[Input for this task Boundary: Start]

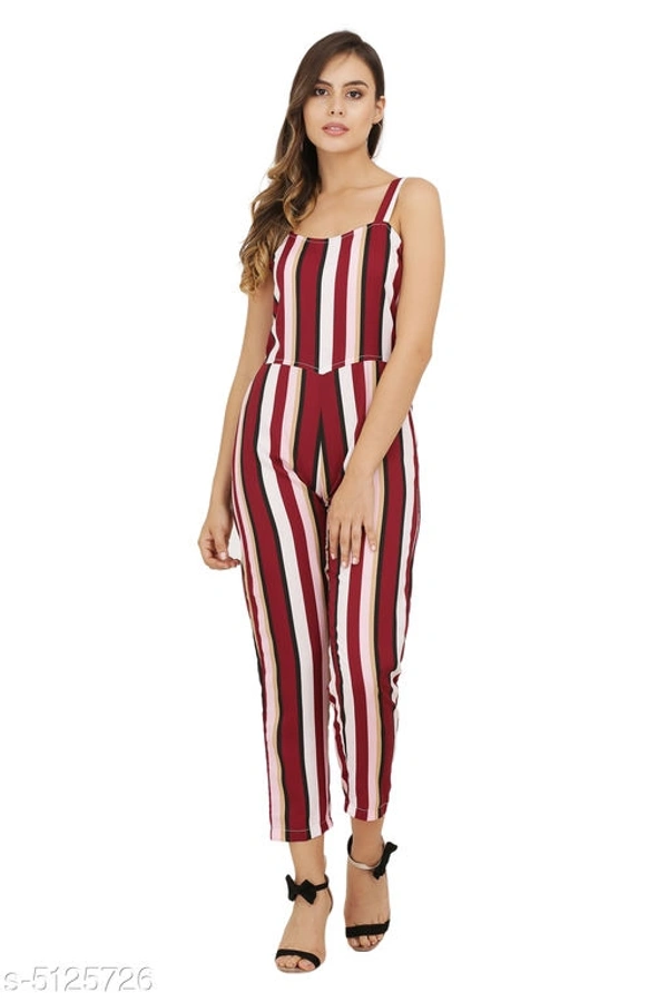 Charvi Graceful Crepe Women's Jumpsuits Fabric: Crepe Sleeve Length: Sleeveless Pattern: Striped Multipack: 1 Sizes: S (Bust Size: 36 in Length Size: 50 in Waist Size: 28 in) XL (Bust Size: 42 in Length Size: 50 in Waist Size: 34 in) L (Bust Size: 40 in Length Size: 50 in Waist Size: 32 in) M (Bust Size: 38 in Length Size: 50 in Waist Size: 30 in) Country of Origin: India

[Input for this task Boundary: End]
[Input for this task Boundary: Start]

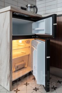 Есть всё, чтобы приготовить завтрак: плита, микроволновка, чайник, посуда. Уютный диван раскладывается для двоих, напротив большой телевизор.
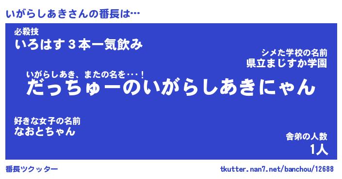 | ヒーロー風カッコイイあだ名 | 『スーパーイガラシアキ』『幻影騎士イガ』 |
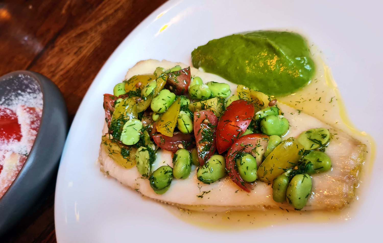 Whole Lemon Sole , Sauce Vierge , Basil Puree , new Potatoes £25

[Input for this task Boundary: End]
[Input for this task Boundary: Start]

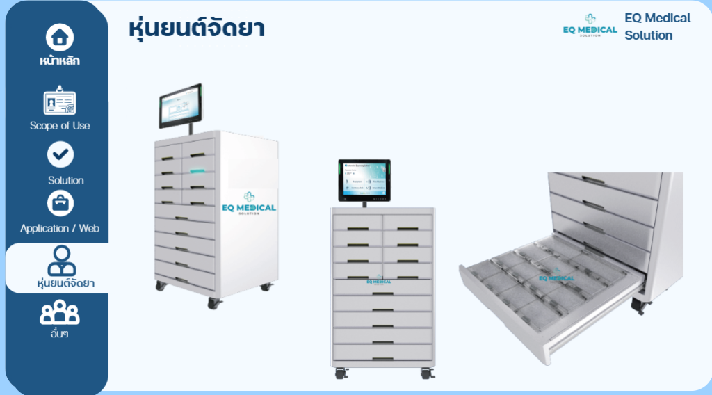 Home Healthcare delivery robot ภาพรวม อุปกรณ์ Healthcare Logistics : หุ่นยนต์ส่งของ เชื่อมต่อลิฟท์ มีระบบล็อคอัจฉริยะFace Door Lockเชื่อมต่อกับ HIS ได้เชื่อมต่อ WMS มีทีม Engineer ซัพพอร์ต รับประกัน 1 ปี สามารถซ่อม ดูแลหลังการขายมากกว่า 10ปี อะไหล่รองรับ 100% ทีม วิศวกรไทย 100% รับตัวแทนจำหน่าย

[Input for this task Boundary: End]

= Your instructions =
Look above for the line holding "Есть всё, чтобы" and output everything from it down to the line holding "Whole Lemon Sole", both ends included, exactly and without images.

= Reply to the task =
 Есть всё, чтобы приготовить завтрак: плита, микроволновка, чайник, посуда. Уютный диван раскладывается для двоих, напротив большой телевизор.
 | ヒーロー風カッコイイあだ名 | 『スーパーイガラシアキ』『幻影騎士イガ』 |
 Whole Lemon Sole , Sauce Vierge , Basil Puree , new Potatoes £25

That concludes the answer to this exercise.